Task instructions:
What you return must be the exact lines of the material below, from the first through the one that has "- 產(chǎn)品類型:不", with no pictures and, please, nothing else.

(Stored data)

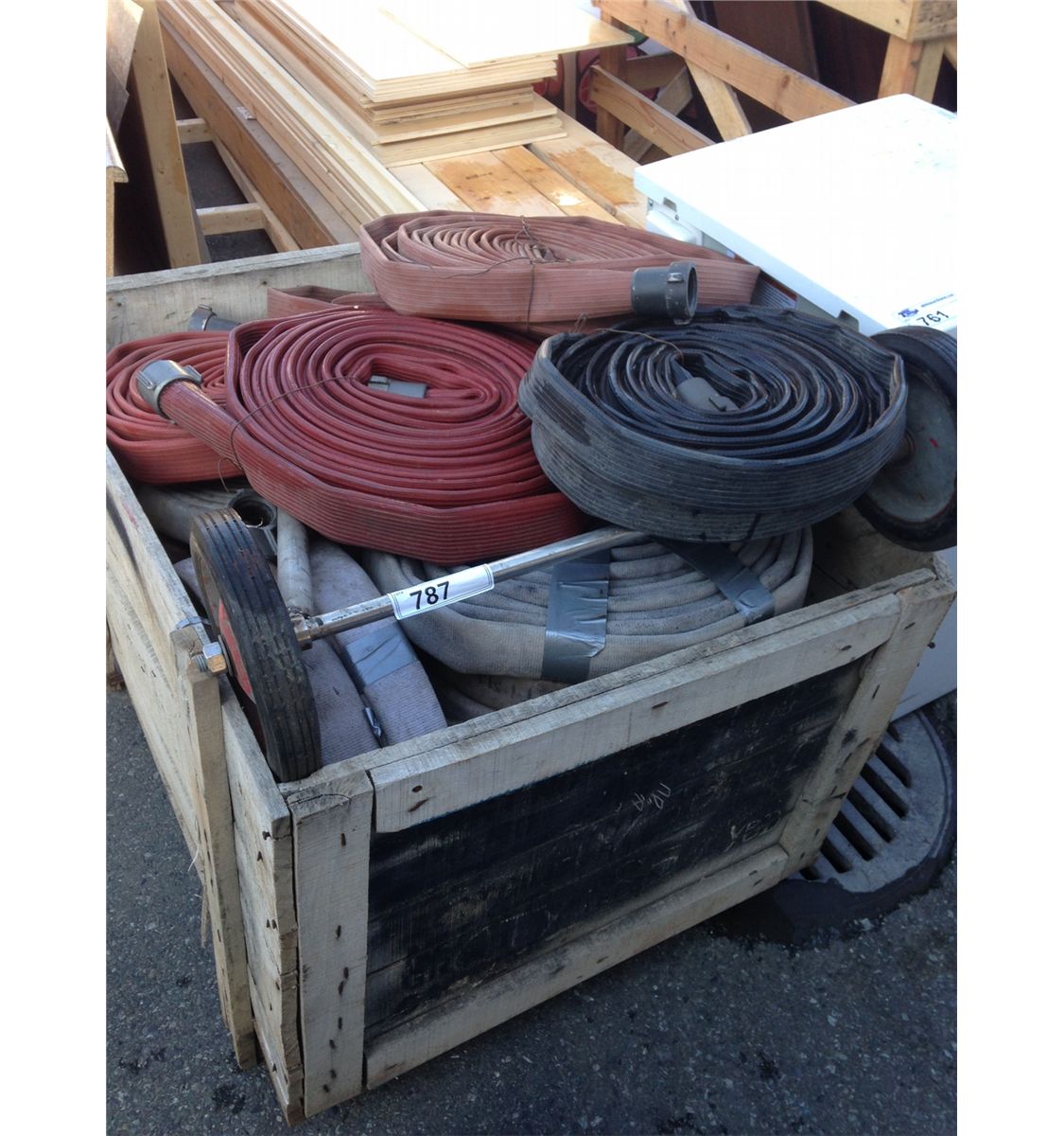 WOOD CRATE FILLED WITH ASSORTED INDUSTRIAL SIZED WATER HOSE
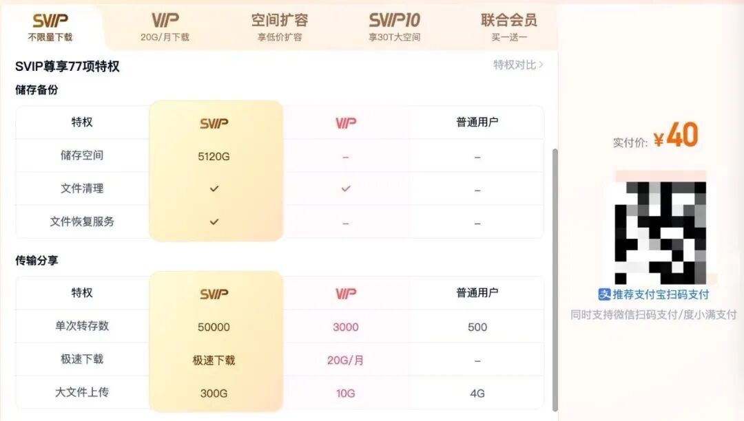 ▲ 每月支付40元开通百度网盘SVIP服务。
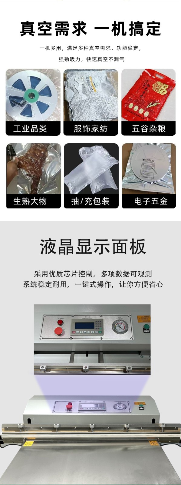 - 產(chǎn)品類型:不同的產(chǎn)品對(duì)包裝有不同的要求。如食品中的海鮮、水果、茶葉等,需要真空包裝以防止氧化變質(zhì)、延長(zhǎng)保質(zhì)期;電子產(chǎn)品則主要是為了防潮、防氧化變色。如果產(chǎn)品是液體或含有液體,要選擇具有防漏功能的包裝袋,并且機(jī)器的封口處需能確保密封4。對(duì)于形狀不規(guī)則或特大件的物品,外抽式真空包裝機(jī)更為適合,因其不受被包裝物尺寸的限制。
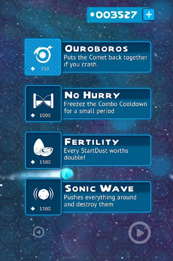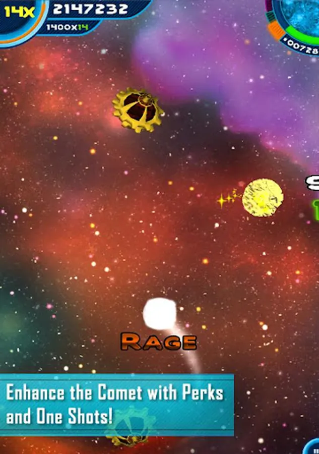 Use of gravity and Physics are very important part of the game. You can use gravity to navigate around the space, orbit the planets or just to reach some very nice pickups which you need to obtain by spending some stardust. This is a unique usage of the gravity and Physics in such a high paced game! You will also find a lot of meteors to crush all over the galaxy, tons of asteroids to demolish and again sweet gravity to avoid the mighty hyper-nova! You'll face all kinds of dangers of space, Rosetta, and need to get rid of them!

(End Stored data)

The answer:
 WOOD CRATE FILLED WITH ASSORTED INDUSTRIAL SIZED WATER HOSE
 ▲ 每月支付40元开通百度网盘SVIP服务。
 - 產(chǎn)品類型:不同的產(chǎn)品對(duì)包裝有不同的要求。如食品中的海鮮、水果、茶葉等,需要真空包裝以防止氧化變質(zhì)、延長(zhǎng)保質(zhì)期;電子產(chǎn)品則主要是為了防潮、防氧化變色。如果產(chǎn)品是液體或含有液體,要選擇具有防漏功能的包裝袋,并且機(jī)器的封口處需能確保密封4。對(duì)于形狀不規(guī)則或特大件的物品,外抽式真空包裝機(jī)更為適合,因其不受被包裝物尺寸的限制。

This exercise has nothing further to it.